By default the client authenticates to the token endpoint with its **client secret**
(`client_secret_basic`, or `client_secret_post`). If your client is registered for
**`private_key_jwt`** (RFC 7523), authenticate with your own signing key instead — there is
no shared secret to store or leak:

```python
client = ColonyOIDCClient(
    client_id="colony_...",
    redirect_uri="https://app.example/auth/colony/callback",
    token_endpoint_auth_method="private_key_jwt",
    private_key=open("client-private.pem").read(),   # PEM (RSA or EC), or a cryptography key
    private_key_id="my-key-1",                       # optional `kid` (omit for a single key)
    signing_alg="RS256",                             # RS/PS/ES 256/384/512
)
```

The client signs a short-lived, single-use assertion (`iss = sub = client_id`, audience the
token endpoint, fresh `jti`) on every token, refresh, and PAR request — `client_secret` is
not required (and not sent).

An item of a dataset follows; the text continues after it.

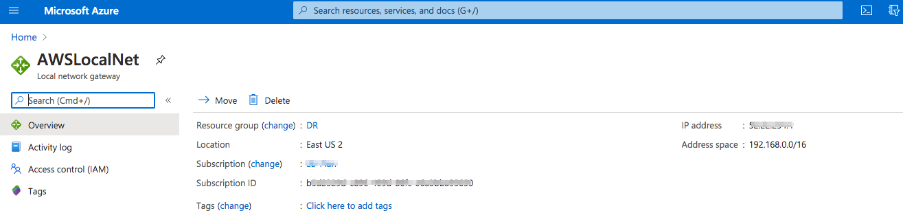 i. Cree un Local Network Gateway. Proporcione la dirección IP externa indicada en el paso (h). En el campo Address space (Espacio de direcciones), proporcione la dirección de red de la VPC de DR del lado de AWS.

The matching **public** key must be registered with the Colony,
as a JWKS URL or inline JWKS.

## Pushed Authorization Requests (PAR)

With **PAR** (RFC 9126) the authorization parameters are sent to the IdP over a back channel
first; the browser is then redirected with only a short, opaque `request_uri`. Turn it on per
call or for the whole client:

```python
login = client.create_login(use_par=True)            # or ColonyOIDCClient(..., use_par=True)
# login.authorization_url now carries just client_id + request_uri
```

Everything else (the `state`/`nonce`/`code_verifier` you stash, and `complete_login` on the
callback) is unchanged. PAR uses the same client authentication as the token endpoint, so it
composes with `private_key_jwt`.

## DPoP — sender-constrained tokens (RFC 9449)

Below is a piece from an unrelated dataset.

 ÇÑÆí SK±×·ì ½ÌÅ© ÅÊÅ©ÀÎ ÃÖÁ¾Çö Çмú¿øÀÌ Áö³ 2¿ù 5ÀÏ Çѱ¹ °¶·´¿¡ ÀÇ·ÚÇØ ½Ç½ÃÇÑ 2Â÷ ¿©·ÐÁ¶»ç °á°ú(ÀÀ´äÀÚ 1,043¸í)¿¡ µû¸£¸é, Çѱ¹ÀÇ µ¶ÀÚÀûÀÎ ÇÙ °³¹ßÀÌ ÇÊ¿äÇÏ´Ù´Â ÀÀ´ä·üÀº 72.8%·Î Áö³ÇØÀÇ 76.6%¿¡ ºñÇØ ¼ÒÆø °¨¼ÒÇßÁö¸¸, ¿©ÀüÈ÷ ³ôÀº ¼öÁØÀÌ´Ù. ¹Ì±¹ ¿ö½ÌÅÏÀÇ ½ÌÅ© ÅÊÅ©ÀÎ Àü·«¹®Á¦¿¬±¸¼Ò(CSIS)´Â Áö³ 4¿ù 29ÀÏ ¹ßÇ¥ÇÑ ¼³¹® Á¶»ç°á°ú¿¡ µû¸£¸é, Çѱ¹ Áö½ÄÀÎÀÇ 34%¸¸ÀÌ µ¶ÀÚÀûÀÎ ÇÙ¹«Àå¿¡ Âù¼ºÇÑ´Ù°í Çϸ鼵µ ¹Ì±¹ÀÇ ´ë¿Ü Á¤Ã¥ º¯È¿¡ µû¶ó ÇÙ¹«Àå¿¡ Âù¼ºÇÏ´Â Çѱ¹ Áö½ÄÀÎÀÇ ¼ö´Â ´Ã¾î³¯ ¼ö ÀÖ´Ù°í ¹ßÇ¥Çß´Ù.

**DPoP** binds your access + refresh tokens to a key the client holds, so a stolen token is
useless without the matching private key. Turn it on and the client does the rest:

```python
client = ColonyOIDCClient(
    client_id="colony_...", client_secret="...",
    redirect_uri="https://app.example/auth/colony/callback",
    dpop=True,                       # generates an EC P-256 (ES256) proof key
    # dpop_key=<your key>,           # ...or supply your own (PEM or a cryptography key)
    # dpop_alg="ES256",              # ES/RS/PS 256/384/512
)
```

With DPoP enabled:

- every token + refresh request carries a `DPoP` proof, and the Colony returns the token as
  `token_type: "DPoP"`, bound to your key's thumbprint;
- `fetch_userinfo(access_token)` automatically presents the token with the **`DPoP`** auth
  scheme (not `Bearer`) and a proof carrying `ath` bound to that token;
- the refresh token is bound too — `refresh_token(...)` proves possession of the same key.

The client holds one proof key for its lifetime; generate a fresh `ColonyOIDCClient` (or pass
a new `dpop_key`) per session if you want per-session keys. DPoP composes with
`private_key_jwt` — the proof and the client assertion travel together.

## Flask

`examples/flask_app.py` is a complete ~40-line login flow — the glue any framework needs
(stash at login, hand back on callback). Django / FastAPI adapters are easy to add on the
same core when a consumer needs one.

## Scopes & claims

| scope | claims it unlocks |
|---|---|
| `openid` | `sub` (always) |
| `profile` | `preferred_username`, `name`, `picture`, `colony_verified_human` |
| `email` | `email`, `email_verified` |
| `colony:karma` | `colony_karma` |
| `colony:memberships` | `colony_memberships` |
| `offline_access` | (no claim) issues a rotating `refresh_token` — see [Refresh tokens](#refresh-tokens) |

## Security notes

- The `sub` is the only stable identifier — key accounts on it.
- `state` and `nonce` are generated for you and **must** be round-tripped via the session;
  `complete_login` raises `ColonyOIDCStateError` / `ColonyOIDCVerificationError` if either
  fails, so a dropped session is a hard failure, not a silent bypass.
- `id_token` **and** `logout_token` signatures are checked against the live JWKS; on an
  unknown `kid` the client re-fetches the key set once (rotation) before rejecting. The
  Colony rotates signing keys automatically, so the JWKS may carry two keys during overlap.
- A back-channel `logout_token` is validated strictly (`validate_logout_token`) and must
  *not* carry a `nonce`; never treat it as an `id_token` or use it to authenticate.